To illustrate the point, here is a complete, runnable demo showing the posted code in action:
#include <cstdlib>
#include <cstdio>
inline void GPUassert(cudaError_t code, char * file, int line, bool Abort=true)
{
if (code != 0) {
fprintf(stderr, "GPUassert: %s %s %d\n", cudaGetErrorString(code),file,line);
if (Abort) exit(code);
}
}
#define GPUerrchk(ans) { GPUassert((ans), __FILE__, __LINE__); }
typedef float Real;
typedef struct Array2D {
Real* arr;
int rows;
int cols;
} Array2D;
__global__ void kernel(const int m, const int n, Real *lval, Array2D *output)
{
lval[threadIdx.x] = 1.0f + threadIdx.x;
if (threadIdx.x == 0) {
output->arr = lval;
output->rows = m;
output->cols = n;
}
}
int main(void)
{
const int m=8, n=8, mn=m*n;
Array2D *d_output;
Real *d_arr;
GPUerrchk( cudaMalloc((void **)&d_arr,sizeof(Real)*size_t(mn)) );
GPUerrchk( cudaMalloc((void **)&d_output, sizeof(Array2D)) );
kernel<<<1,mn>>>(m,n,d_arr,d_output);
GPUerrchk( cudaPeekAtLastError() );
// This section of code is the same as the original question
Array2D *h_output = (Array2D*)malloc(sizeof(Array2D));
GPUerrchk( cudaMemcpy(h_output, d_output, sizeof(Array2D), cudaMemcpyDeviceToHost) );
size_t sz = size_t(h_output->rows*h_output->cols)*sizeof(Real);
Real *h_arr = (Real*)malloc(sz);
GPUerrchk( cudaMemcpy(h_arr, h_output->arr, sz, cudaMemcpyDeviceToHost) );
for(int i=0; i<h_output->rows; i++)
for(int j=0; j<h_output->cols; j++)
fprintf(stdout,"(%d %d) %f\n", i, j, h_arr[j + i*h_output->rows]);
return 0;
}
I have had to take a few liberties here, because I only have a compute capability 1.2 device at my disposal, so no device side malloc
and no double precision. But the host side API calls which retrieve a valid Array2D
structure from device memory and use its contents are effectively the same.
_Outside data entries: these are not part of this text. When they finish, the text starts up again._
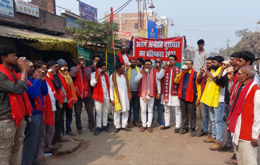 — बढ़ौली चौराहे पर 27 शंख बजाकर मंहगाई बेरोज़गारी को लेकर प्रदर्शन किया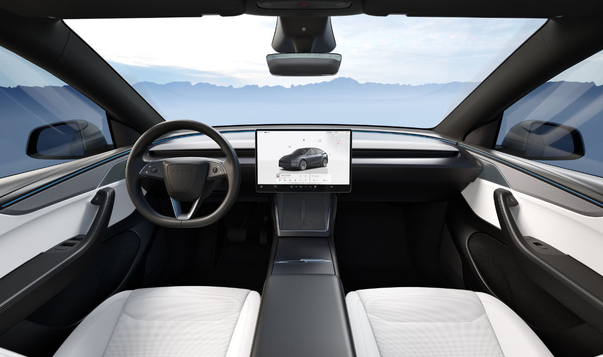 Οι επιβάτες της πρώτης σειράς απολαμβάνουν μια εύχρηστη οθόνη αφής 16”, που λειτουργεί με το χαρακτηριστικό εσωτερικό λογισμικό της Tesla. Τα υψηλής άνεσης αεριζόμενα και θερμαινόμενα μπροστινά καθίσματα διατηρούν την ιδανική θερμοκρασία σε όλες τις συνθήκες, καθώς συγχρονίζονται αυτόματα με τον έλεγχο κλιματισμού.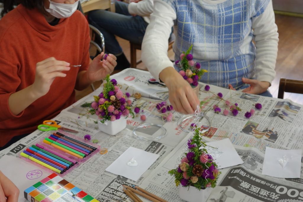 今日はスカッと晴れた気持ちの良い日でした。クリスマスを迎えようと、つくし組でもドライフラワーを使用して可愛らしいツリーがたくさんできていました。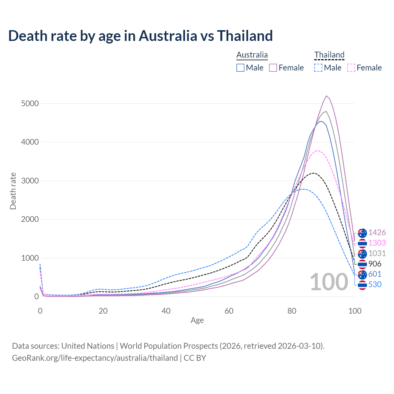 In Australia, the most common age of death is 91, compared to 87 in Thailand. The median age of death is 87.5 in Australia and 81.8 in Thailand, meaning only half of each cohort is expected to live past that age.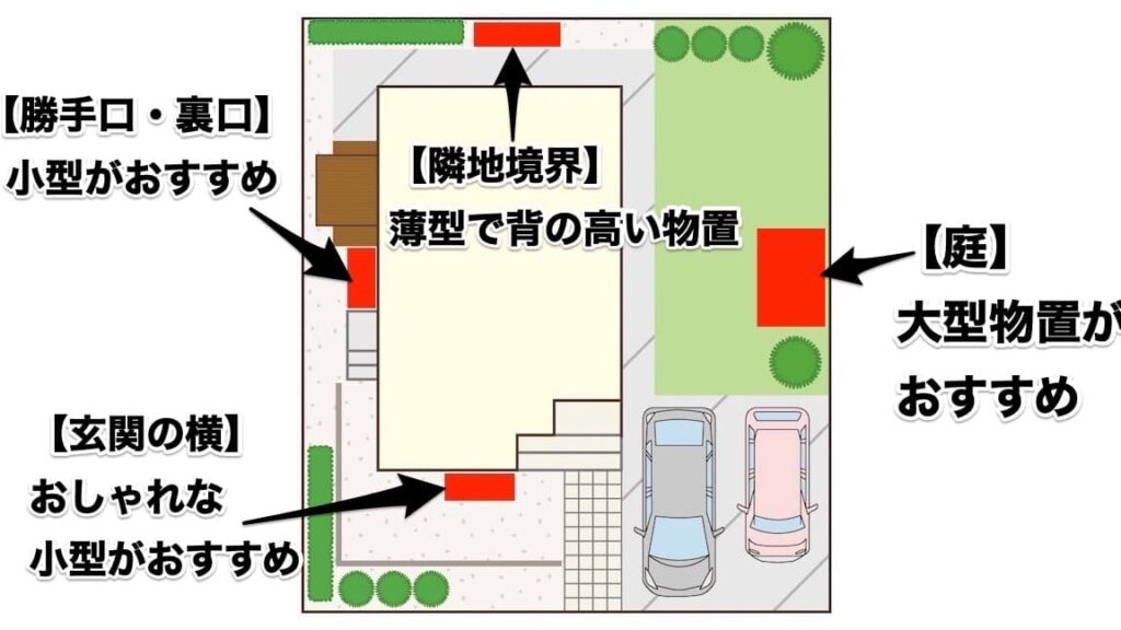 - アクセスの良さを確保する。物置が簡単にアクセスできる位置にあるべきで、通路が狭くないか確認する。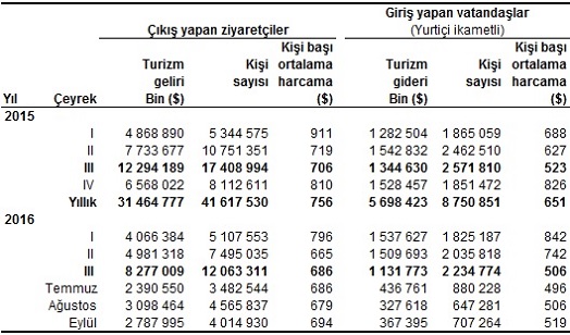 Ülkemizden çıkış yapan ziyaretçi sayısı 2016 yılı III. çeyreğinde bir önceki yılın aynı çeyreğine göre % 30.7 azalarak 12 milyon 63 bin 311 kişi oldu. Bunların % 78.5’ini (9 milyon 466 bin 509 kişi) yabancılar, % 21.5’ini (2 milyon 596 bin 802 kişi) ise yurt dışında ikamet eden vatandaşlar oluşturdu.

Running the program works as expected:
$ nvcc -Xptxas="-v" -arch=sm_12 Array2D.cu
ptxas info : Compiling entry function '_Z6kerneliiPfP7Array2D' for 'sm_12'
ptxas info : Used 2 registers, 16+16 bytes smem
$ cuda-memcheck ./a.out
========= CUDA-MEMCHECK
(0 0) 1.000000
(0 1) 2.000000
(0 2) 3.000000
(0 3) 4.000000
(0 4) 5.000000
(0 5) 6.000000
(0 6) 7.000000
(0 7) 8.000000
(1 0) 9.000000
(1 1) 10.000000
(1 2) 11.000000
(1 3) 12.000000
(1 4) 13.000000
(1 5) 14.000000
(1 6) 15.000000
(1 7) 16.000000
(2 0) 17.000000
(2 1) 18.000000
(2 2) 19.000000
(2 3) 20.000000
(2 4) 21.000000
(2 5) 22.000000
(2 6) 23.000000
(2 7) 24.000000
(3 0) 25.000000
(3 1) 26.000000
(3 2) 27.000000
(3 3) 28.000000
(3 4) 29.000000
(3 5) 30.000000
(3 6) 31.000000
(3 7) 32.000000
(4 0) 33.000000
(4 1) 34.000000
(4 2) 35.000000
(4 3) 36.000000
(4 4) 37.000000
(4 5) 38.000000
(4 6) 39.000000
(4 7) 40.000000
(5 0) 41.000000
(5 1) 42.000000
(5 2) 43.000000
(5 3) 44.000000
(5 4) 45.000000
(5 5) 46.000000
(5 6) 47.000000
(5 7) 48.000000
(6 0) 49.000000
(6 1) 50.000000
(6 2) 51.000000
(6 3) 52.000000
(6 4) 53.000000
(6 5) 54.000000
(6 6) 55.000000
(6 7) 56.000000
(7 0) 57.000000
(7 1) 58.000000
(7 2) 59.000000
(7 3) 60.000000
(7 4) 61.000000
(7 5) 62.000000
(7 6) 63.000000
(7 7) 64.000000
========= ERROR SUMMARY: 0 errors
I tried allocating the pointer Array2D->arr
on the host using cudaMalloc instead of allocating it on the device using malloc. After that, the code works as intended.
It looks very much like the problem described in the thread (http://forums.nvidia.com/index.php?showtopic=222659) on nVidia's forum that Pavan referred to in the comments to the question.
I think that probably closes the question for now, as the code works fine. However, if anyone has a proposal for a solution which utilizes malloc on the device, feel free to post.
It looks like h_output
is allocated with a call to malloc()
. In the first call to cudaMemcpy()
(line 2), h_output
is being used as as a host pointer (which seems right). In the second call to cudaMemcpy()
(line 4), h_output->arr
is being used as a device pointer (which does not seem right). In that 4th line, it looks like you are copying from host memory to host memory. So, you will probably want to use just a straight memcpy()
instead of cudaMemcpy()
.
At least that is what it looks like from the code you have provided.